Delving, as it does, into Spain, "La Roja: How Soccer Conquered Spain and How Spanish Soccer Conquered the World"has as much to do with politics as with that country's world champion national soccer team.

Jimmy Burns has written an amenable yet substantive story about how Spain went from a bullfighting nation to kings of international football.

He goes way back to the 1880s and an English-owned mine in Huelva where the first games of football were played exclusively by Brits. The journalistic knitting continues as Basque teams assert primacy and then Argentines come to enliven the game with a quick passing style.

"La Roja" is about the places where such trends were born and the people who sowed them on Spanish soil. Burns's chronicling of Barcelona F.C's role as an expression of Catalan culture and its rivalry with Real Madrid is deftly woven into discussion of the defeated Republic, the Monarchy, the Falange and, poignantly, the names of soccer players killed during the Spanish Civil War.

Noteworthy, too, is Burns's analysis of the Franco dictatorship's aggressive engagement with football as a tool to soothe tensions on the Iberian peninsula, as a propaganda weapon, and as diplomatic entry to worlds otherwise closed to the regime.
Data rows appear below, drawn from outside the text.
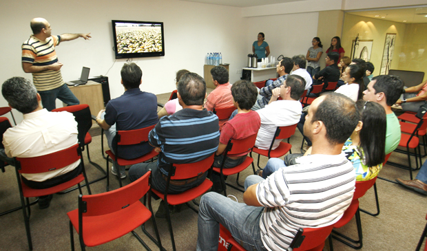 Paulo iniciou com uma animação em vídeo que contou a história do café desde sua origem, na Etiópia, até chegar ao Brasil. Usando slide show e alguns vídeos, o palestrante abordou todas as etapas do plantio, colheita, seleção de grãos, classificação até a preparação para se obter uma bebida de alta qualidade.
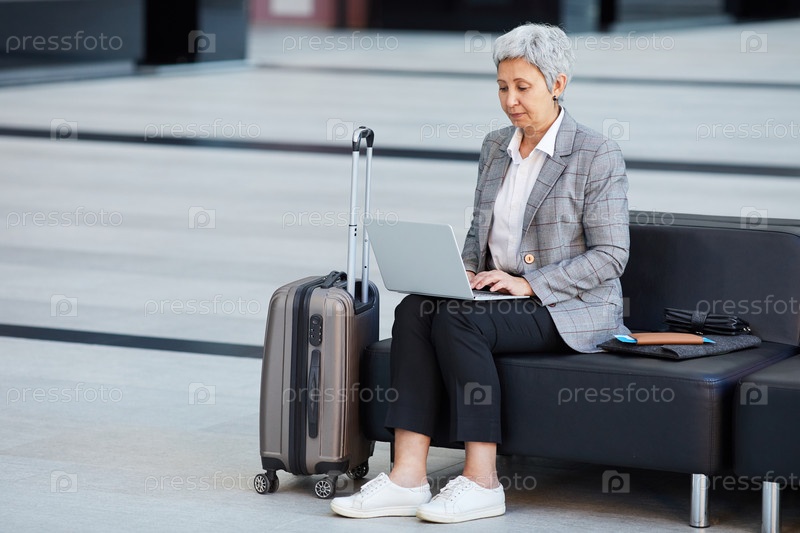 Женщина, использующая ноутбук в аэропорту
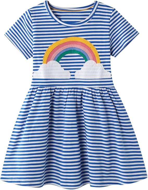 FILOWA Fille Robes Enfant Manche Courte Coton Ete Pas Cher Rayure Poche Paillette Tunique T-Shirt Robe Filles Anniversaire Vêtements 2 3 4 5 6 7 Ans: Amazon.fr: Vêtements et accessoires
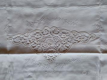 Lenzuolo sopra: inserti in pizzo dal disegno floreale ricamato a mano, con festoni e cordoncino

Burns suggests Franco made the Spanish national team a projection of homegrown fascism. A group possessing the "racial" qualities of true and pure Spaniards, and which brought to the playing field a particular "Spanish Fury." A sobriquet that stuck.

Like many people in Spain who had little time for the national selection over the years, Burns believes that the "The Spanish Fury" amounted to a whole lot of nothing, and that success in world-class tournaments would be elusive until a more modern and technical conception of Spanish soccer could be born.

Of course it happened. "La Roja" was released on the occasion of a repeat European Cup championship for the team of the same nickname. An unprecedented kind of success for such a national outfit.

Although his lead-up to the latest and most glorious chapter in Spanish soccer is first-rate, this reviewer did not find Burns very clear on why the ultimate transformation occurred. Was it a special generation of players who learned how to transcend the rivalries carried over from the club level? Ditching Raul? Was it David Beckham's impact as a media and celebrity item on future Spanish stars? The Argentines?

Maybe it's in there, but in any case, "La Roja" remains an always engaging look at a sudden dynasty. Its author understands soccer as culture and an expression of collective identities without forgetting that it is still sport.